[petsc-users] Questions about TS
Jed Brown
jedbrown at mcs.anl.gov
Wed Oct 19 12:55:50 CDT 2011
On Wed, Oct 19, 2011 at 12:32, Blaise Bourdin <bourdin at lsu.edu> wrote:
> Hi,
>
>
> > On Wed, Oct 19, 2011 at 10:54, Blaise Bourdin <bourdin at math.lsu.edu>
> wrote:
> > Hi,
> >
> > I am trying to use TS to solve a simple transient problem in an
> unstructured finite element f90 code.
> >
> > 1. Section 6.1.1 of the manual refers to a TSSetMatrices function that
> can be used to set the RHS and LHS matrices, but I can;t find it. Is this
> section outdated?
> >
> > Yes, I must have missed this section when updating the documentation.
>
> OK, that makes more sense now.
> >
> > 2. Since we are using unstructured finite elements, the LHS matrix is not
> the identity. As far as I understand, we have two possible choices:
> > - Use a mass lumping approximation of the variational identity matrix
> (mass matrix), M, and use M^{-1}K for the RHS matrix instead of K.
> >
> > You can also write this as a special case of the choice below where you
> use -ksp_type preonly -pc_type jacobi.
> I am not sure I am following you. Can you elaborate?
>
To solve
M*Xdot = F(X)
IFunction(X,Xdot) = M*Xdot
IJacobian(X,Xdot) = M
RHSFunction(X) = F(X)
Now if you lump M, then you can solve it exactly with one iteration of
Jacobi. My options were just turn off any extra norms that would normally be
computed by an implicit solve. If M is the consistent mass matrix, then you
will need some iterations.
>
> > - Use an IMEX method where the implicit matrix is the variational
> identity M.
> > Is this right? What is the recommended way?
> >
> > I would just do this because it's the most flexible. See the user's
> manual section on IMEX methods. If you are interested in adaptive error
> control, then you should also check out -ts_type rosw in petsc-dev. In any
> case, you can write your mass matrix as well as any stiff terms that you
> want to treat implicitly into TSSetIFunction(), provide an (approximate)

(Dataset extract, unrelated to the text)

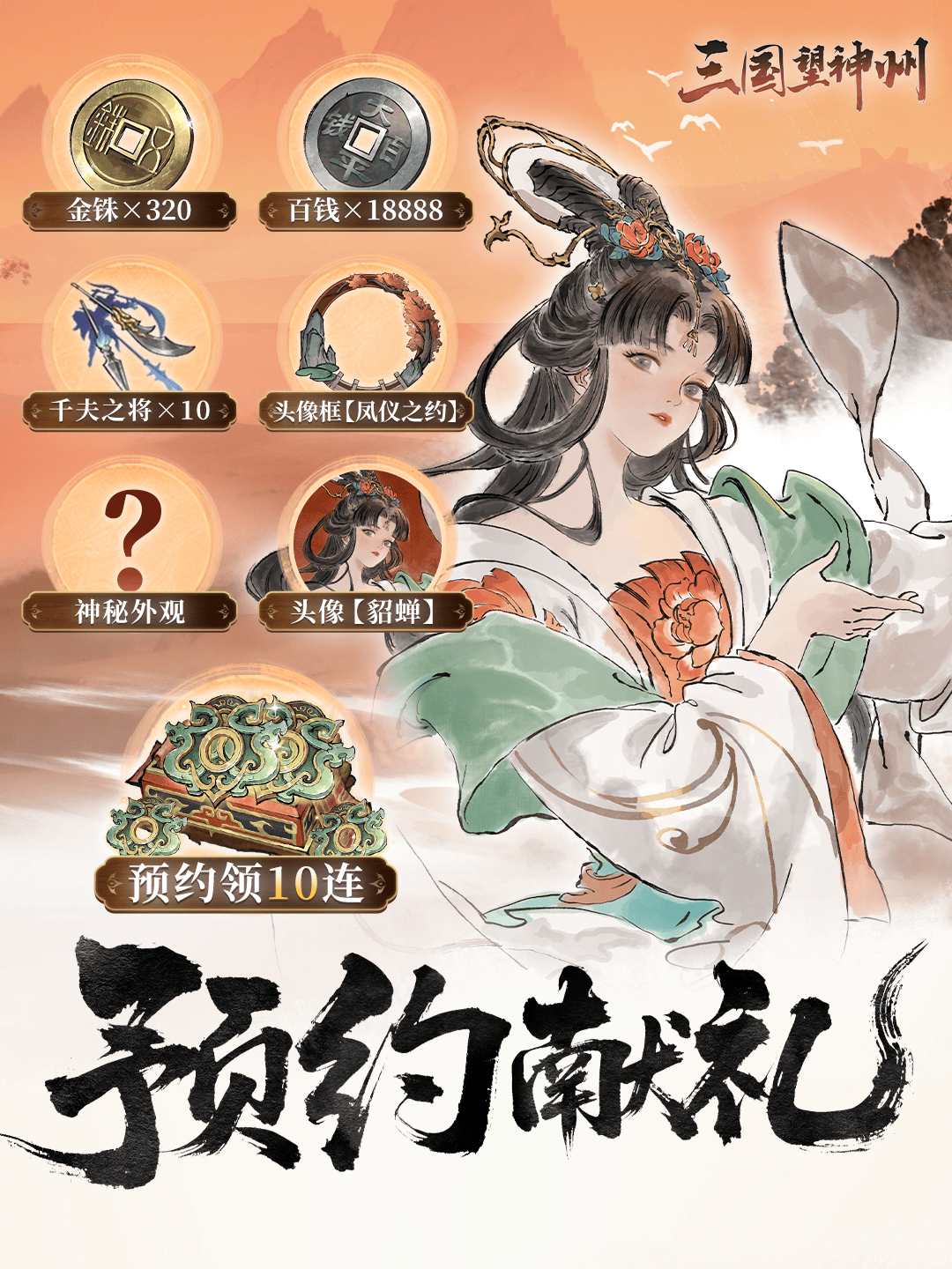 随着10月23日公测日期的临近,《三国望神州》官网已开启预约通道,玩家可领取包含金铢、头像、神秘外观在内的预约福利。

> Jacobian with TSSetIJacobian(), and put the rest in TSSetRHSFunction(). You
> can be even more sloppy about it with TSROSW.
> >
> > Look at src/ts/examples/tutorials/ex22.c (has a Fortran twin, ex22f.F) or
> ex25.c in petsc-dev.
> >
>
> How about recasting the problem as a DAE? The documentation seems to imply
> that this is feasible. "For ODE with nontrivial mass matrices such as arise
> in FEM, the implicit/DAE interface significantly reduces overhead to prepare
> the system for algebraic solvers (SNES/KSP) by having the user assemble the
> correctly shifted matrix."
>
> Following ex15, solving
> u_t = \Delta u
> can be recast as solving
> F(t,u,\dot u) = 0
> with
> F(t,u,v) = v-\Delta u.
>
> In this case, the IJacobian would be
> K+aM,
> where K is the stiffness matrix (K_{i,j} = \int_\Omega \nabla \phi_i \cdot
> \nabla \phi_j\,dx) and M the mass matrix (M_{i,j} = \int_\Omega \phi_i
> \phi_j\,dx) .
>
> At the continuous level, the IFunction would be v-\Delta u, which cannot be
> evaluated directly in the finite element basis by either solving
> M F = M\dot u + Ku
> or using mass lumping.
>
> Am I expected to do this in my IFunction or is there a way to pass the mass
> matrix to the TS?
>
You should have some sense for what K is and whether it makes sense to
integrate your system implicitly or not. If you know that you want to use
fully implicit methods, then just dump everything into the IFunction. If
part of your system is non-stiff (and especially if it has less than C^1
regularity, or you need special properties from a certain explicit method),
then you can use the IMEX form G(X,Xdot) = F(X) with
G(X,Xdot) := M*Xdot
You can pass TSComputeIFunctionLinear and/or TSComputeIJacobianConstant to
TSSetIFunction() and TSSetIJacobian respectively if you have a linear
constant mass matrix.
>
> As far as I understand, using IMPEX will lead to the same issue regardless
> of the way I write my problem, i.e. wether I write G(t,u,v) = v-\Delta u
> and F(t,u) = 0, or G(t,u,v) = v and F(t,u) = \Delta u.
>
> As far as I can see, all examples and tests use structured meshes where the
> mass matrix is the identity matrix.
>
Identity as a mass matrix has nothing to do with structured vs.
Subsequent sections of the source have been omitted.